Присутствие Алекса придавало мужества, но ей было так грустно его оставлять. Она чувствовала себя виноватой, что бросает его. Она была ответственна за него. Он был ранимым, но в то же время и сильным. Она-то это знала, но понял ли это наконец он сам?
Визит к ясновидящей не оправдал ее надежд. Она говорила непонятно. Максин не обладала даром читать между строк, ей нужна была ясность и четкость. Ведунья вела речь о каком-то сокровище. Может, Алекс обретет внутренний покой и счастье? Может, он дойдет до примирения с самим собой?
Она бесконечно жалела, что провела с ним так мало времени, но не сомневалась, что ему все удастся.
Она хотела ему сказать, что он должен верить в себя, что умирает она, а не он.

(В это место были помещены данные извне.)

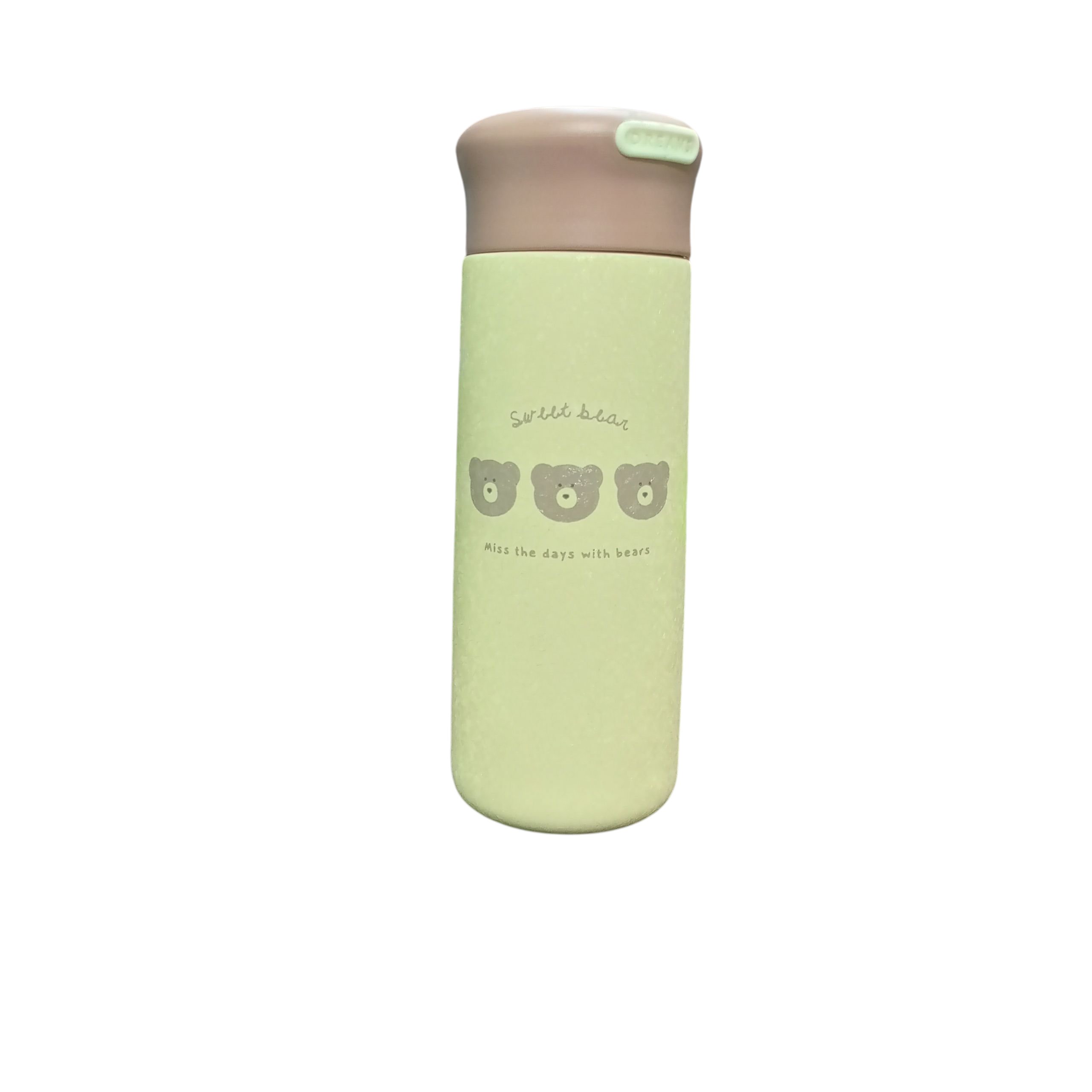 Adorable pastel vacuum flask with bear print – keeps drinks hot or cold, perfect for school or travel.

Что он не должен останавливаться из-за того, что ее больше нет. Она хотела ему сказать, что, так или иначе, она всегда будет с ним. Она бы хотела еще столько всего ему сказать. Сказать ему спасибо. Они так славно повеселились. У них было такое великолепное приключение. Для нее приключения закончились, но ему предстоит открыть для себя еще столько прекрасного. Она оставляла ему в наследство воспоминания. Не бог весть какие, но для него это будет как ларец с драгоценностями. Когда понадобится, он будет открывать в своей голове коробочку с воспоминаниями и выбирать какое-нибудь подходящее к случаю, и ему будет от этого хорошо.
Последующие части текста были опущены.